Quer destacar e explicar, sucintamente, duas prioridades do seu programa de candidatura?

O ensino e investigação são vertentes da ação universitária que entendo serem complementares, pelo que destaco duas orientações estratégicas, uma mais relacionada com a investigação e outra mais com o ensino. Ao nível da investigação, apostar em medidas que visem aumentar ainda mais a qualidade da investigação científica e tecnológica, em articulação com as unidades de investigação e laboratórios associados. Sem prejuízo para os bons indicadores quantitativos, importa agora incentivar a qualidade e visibilidade internacional da investigação produzida no DQ. Ao nível do ensino, tentar diversificar a oferta formativa, fazendo uma boa gestão dos recursos disponíveis e procurar novos públicos-alvo. O DQ dispõe, atualmente, de recursos humanos com competências diversificadas que podem responder a novos desafios que se colocam ao ensino praticado no DQ, em termos de Química, Bioquímica, Biotecnologia e Engenharia Química, bem como em ciências de interface como sejam as Nanociências e Ciências do Mar. A articulação de iniciativas que visem diversificar modalidades de ensino, em conjunto com a Reitoria e outras unidades orgânicas, é uma medida que considero prioritária.

Apesar de menos evidente do que nos cursos de Engenharia a nível nacional, os cursos de Ciências e, logo, também o de Química da UA, têm vindo a receber menos candidatos ao ensino superior nos últimos anos. Que pode o DQ fazer para minimizar este problema?

Primeiro, convém deixar claro que não é exato fazer-se essa generalização a todos os cursos de Ciências e Engenharia. Por exemplo, na sua globalidade, o DQ é um polo atrativo para estudantes dos diversos ciclos de estudos. Contudo, é verdade que o número de alunos inscritos na Licenciatura em Química tem vindo a diminuir para níveis que a todos nos deveriam preocupar. Trata-se de uma tendência geral que não está circunscrita ao DQ da UA, mas é efetivamente um problema que teremos de enfrentar. O DQ tem vindo a tomar medidas muito interessantes já há uns anos a esta parte que visam divulgar a Química e o DQ em particular. Essas medidas de divulgação e promoção da Química entre as camadas mais juvenis deverão continuar a ser implementadas com o mesmo entusiasmo. Paralelamente, entendo que deve haver uma conjugação de esforços, no sentido de inverter a tendência de diminuição do número de alunos inscritos em Química nas universidades portuguesas. Trata-se de uma Ciência com uma centralidade muito própria ao nível do conhecimento científico, conferindo competências muito diversas para o desempenho de uma profissão a diversos níveis, nomeadamente pela versatilidade de formação que proporciona na abordagem de novos problemas. Saliento o facto de que os cursos no DQ permitem que um aluno opte por uma formação mais orientada para determinada especialidade ou com características interdisciplinares, por exemplo no âmbito do trabalho desenvolvido em ambiente de investigação. A relevância da Química em sociedades baseadas no conhecimento e na tecnologia foi muito bem vincada pelo cientista que descobriu os gases nobres existentes no ar, o químico William Ramsay (1852–1916), “The country which is in advance of the rest of the world in chemistry will also be foremost in wealth and in general prosperity.”

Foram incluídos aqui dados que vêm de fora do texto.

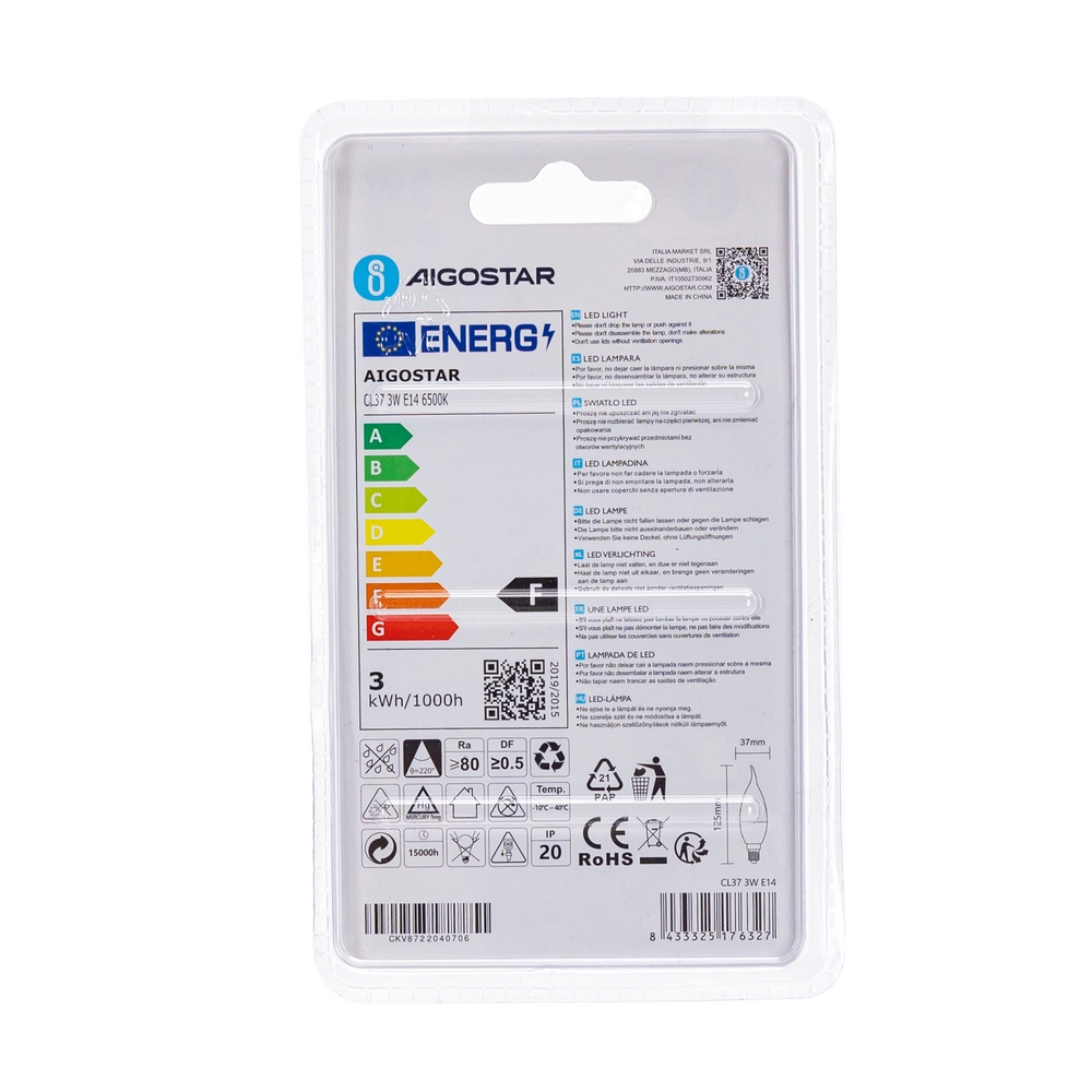 La lampadina a Led con attacco E14, comunemente detto “attacco piccolo”, con forma CL37 a colpo di vento 3W, corrispondente ad una tradizionale lampadina da 25W, è la miglior soluzione per contenere i consumi e non intaccare le prestazioni.

DQ: ambiente científico de topo

A investigação científica praticada no DQ da UA é atualmente reconhecida a nível internacional, como explica no seu programa de ação. Os docentes e investigadores do DQ integram dois laboratórios associados da UA (CICECO e CESAM) e as unidades QOPNA e iBiMED. A menor afluência ao curso de Química, comparativamente com outros cursos do DQ e anos anteriores, a situação do país e a política atual poderão colocar em risco a qualidade da investigação?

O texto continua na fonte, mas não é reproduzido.